Paul Singer has landed in a once-in-a-cycle opportunity. When his hedge fund, Elliott Management, and private equity firm Vista Equity Partners agreed to acquire technology company Citrix Systems for $16.5 billion in January, leverage came easily and cheaply. Market conditions then turned, leaving the debt backing the Citrix deal languishing on banks’ balance sheets. Now, Elliott has bought a chunk of that debt at a knock-down price, potentially benefiting from the banks’ pain twice over.
For Bank of America, Credit Suisse and Goldman Sachs, selling the secured bonds at less than 84 cents on the dollar is deeply unpleasant. It will leave them with $700 million of losses, according to Reuters. When they originally agreed to finance the buyout, they had committed to charge interest no higher than a certain level, yet by the time they came to sell the debt to other investors, the market had moved against them. With the interest on the debt fixed, they had to sell the bonds at a discount.

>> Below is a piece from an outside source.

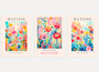 Kompozycje przedstawiają bogaty, stylizowany ogród pełen roślin o miękkich, malarskich kształtach. Intensywne odcienie różu, czerwieni, żółci i błękitu przenikają się na jasnym tle, tworząc lekką, radosną i harmonijną całość. Ilustracyjny charakter nadaje się do zastosowania dekoracyjnego, niemal poetyckiego wymiaru.

That isn’t really Elliott’s problem. True, if the market were so bad that the banks couldn’t sell it at all Elliott wouldn’t be able to close its purchase of Citrix. That might be one reason the fund has stepped in to buy $1 billion of those bonds itself, according to Bloomberg.
Also attractive is that discount, though. Elliott has the advantage of making all of its investments out of a single fund, which means that owning Citrix debt and equity doesn’t create a conflict among its different investors if Citrix gets into financial distress later and has to be restructured. Big asset managers like Blackstone or Apollo Global Management, in contrast, have separate credit and equity funds that answer to separate investors, and could end up at odds with each other if things go bad.
The banks will be pleased to get shot of a burden on their balance sheets. They can now direct their lending firepower elsewhere, in an environment where rates are higher, and chalk Citrix up as a case of bad timing. Elliott, meanwhile, has now had a good deal from the Wall Street firms both as a borrower and then as a lender. Singer has turned one lemon into two glasses of lemonade.